Justice of the High Court
- Incumbent
- Assumed office 2 June 2015

Personal details
- Born: Alistair William Orchard MacDonald 22 February 1970 (age 56)
- Spouse: Penelope MacDonald
- Alma mater: University of Nottingham City University
- Occupation: Judge Barrister Queen's Counsel

= Alistair MacDonald =

British judge

Sir Alistair William Orchard MacDonald (born 22 February 1970), styled The Hon. Mr Justice MacDonald, has been a judge in the Family Division of the High Court of England and Wales since 2 June 2015. (Note: There is another Alistair MacDonald QC who was chair of the Bar Council in 2015.) As a barrister he specialised in child protection.

==Career==
MacDonald received a BA in Archaeology from the University of Nottingham and worked as an archaeologist for three years, without obtaining grant funding for an offered Ph.D. position. He then obtained a Diploma in Law from City University.

MacDonald was called to the bar in 1995 and undertook pupillage at Priory Chambers, 2 Fountain Court. In 2008 he won Barrister of the Year at the Birmingham Law Society Legal Awards, and later that year appeared on the BBC television series Barristers.

He became a Recorder in 2009, and QC in 2011. He practised in family law, particularly the rights of children. He was co-chairman of the Association of Lawyers for Children, speaking out against reductions in legal aid increases in court fees for local authorities, and a reduction of family law barrister fees.

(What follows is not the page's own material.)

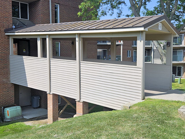 | (Parkway Meadows B, 30', 1979, 22-81-(e) at Parkway Meadows Apartments in Ann Arbor, Washtenaw County, MI. Nixon Rd. N. 0.2 miles from jct with Huron Pkwy, W. on Sandalwood Cir 140, S. into parking lot 240 to the bridge to the S. (N42 18.434 W83 42.510) Photo by Mark Comstock 6-7-25. |

He is on the board of the journal Child and Family Law Quarterly.

He was made a Knight Bachelor on 10 November 2015.

The case of Alta Fixsler, a two year old Haredi girl from Manchester, England who was placed on a ventilator after a severe brain injury came before MacDonald. The case drew international attention after MacDonald ruled on May 21, 2021 that her life support be withdrawn.

===Works===
- MacDonald, Alistair (2011). "The Rights of the Child – Law and Practice"

New Law Journal said "This book is the reference work for the family advocate who wishes to use the CRC on behalf of the children they represent."